Dolar Kanada Melemah

Dolar Kanada melemah menembus level 1,36 per dolar AS karena permintaan aset safe haven terhadap greenback mengimbangi dukungan dari lonjakan harga energi. Retorika menantang dari Pemimpin Tertinggi Iran yang baru meningkatkan kekhawatiran akan blokade berkepanjangan di Selat Hormuz, mendorong minyak mentah WTI menembus di atas 100 dolar AS per barel. Meskipun rekor harga minyak yang tinggi biasanya menjadi pendorong bagi loonie, mata uang ini kini terjebak dalam tarik-menarik dengan dolar AS yang kembali menguat seiring memburuknya selera risiko global.

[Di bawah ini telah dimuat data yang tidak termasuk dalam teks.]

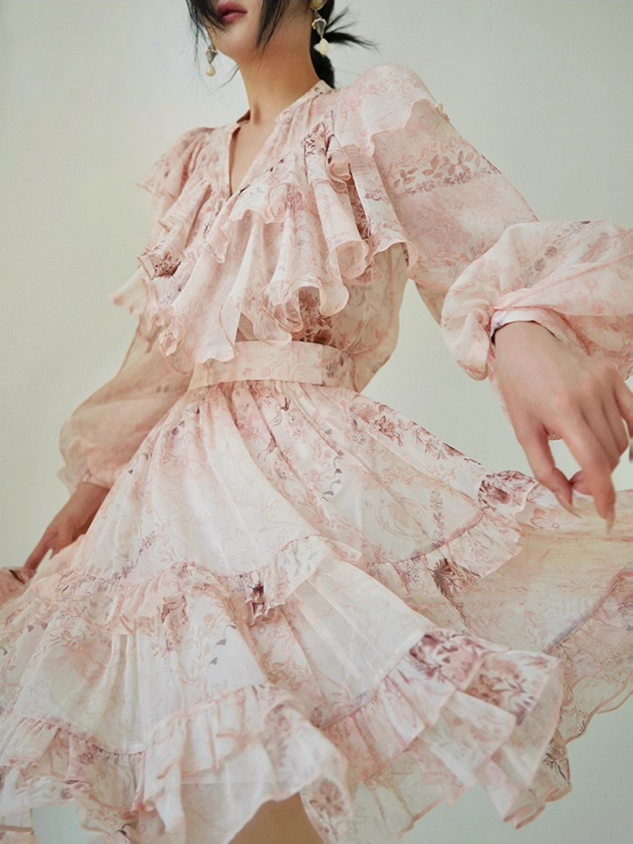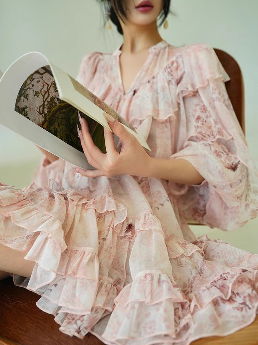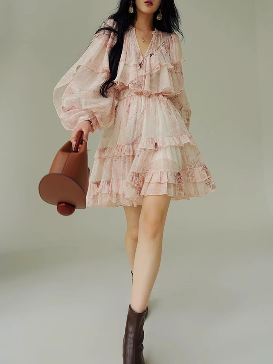 TWOTWINSTYLE Printing Loose Spliced Ruffles Folds Dresses for Women V Neck Long Sleeves High Waist Elegant Dress Female Clothing
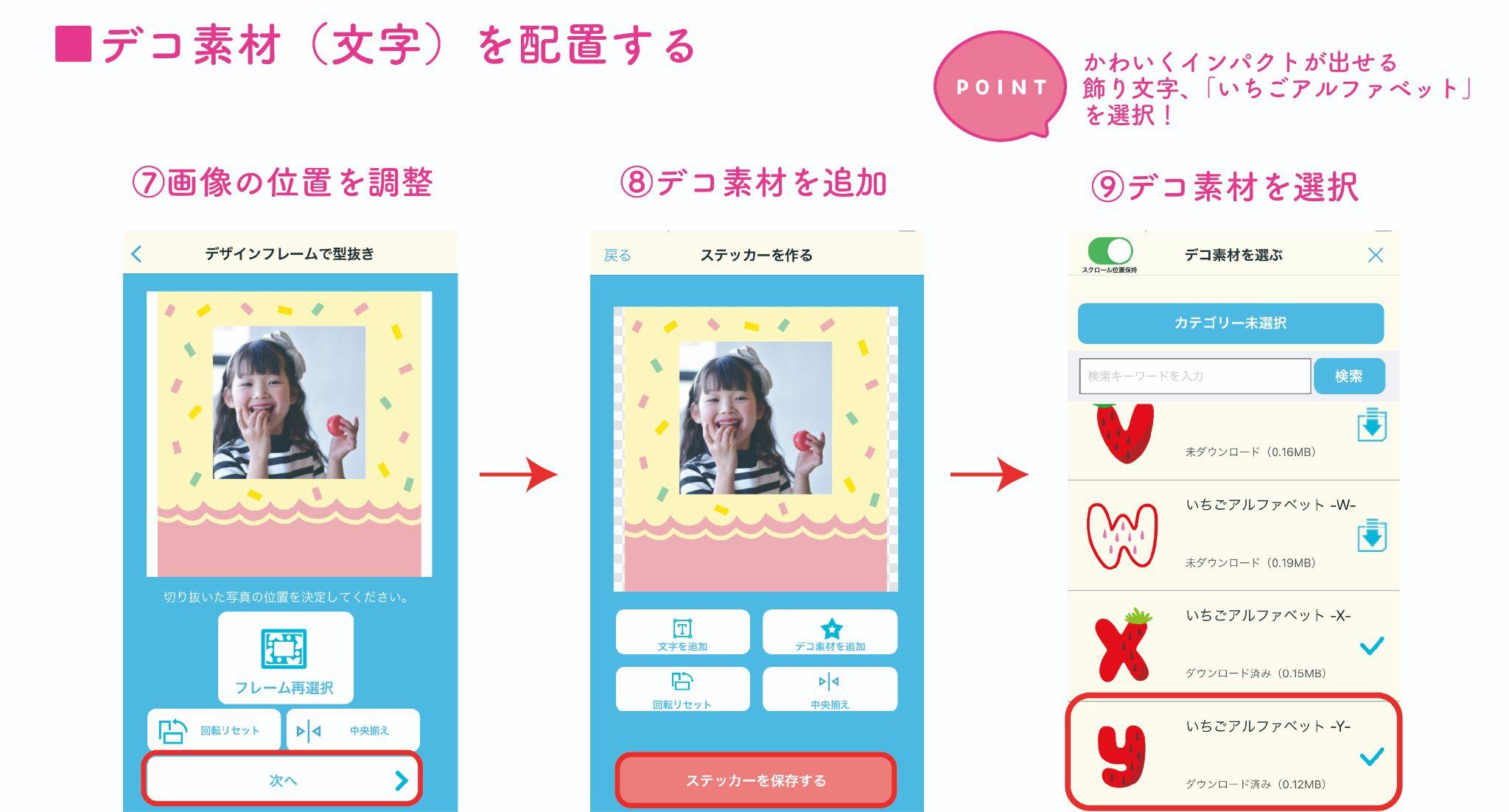 飾り文字(いちごアルファベット)にあえてくっつけるようにいちごのイラストを配置すると、デコレーションに一体感が出ておすすめです。

Data ekonomi domestik juga menunjukkan hasil yang beragam: tingkat pengangguran naik menjadi 6,8% pada Februari karena pertumbuhan angkatan kerja melampaui kenaikan lapangan kerja yang terbatas. Terlepas dari tanda-tanda pelemahan ini, Bank of Canada secara luas diperkirakan akan mempertahankan suku bunga kebijakannya tidak berubah di 2,25% pada pertemuan 18 Maret, karena bank tersebut berupaya mengimbangi inflasi headline sebesar 2,4% dan mengantisipasi potensi gangguan baru pada rantai pasokan. Sikap kebijakan yang tegas ini dimaksudkan untuk menjaga keunggulan imbal hasil dibandingkan Federal Reserve, meskipun loonie tetap rentan terhadap arus pembalikan risiko ke aset yang lebih aman.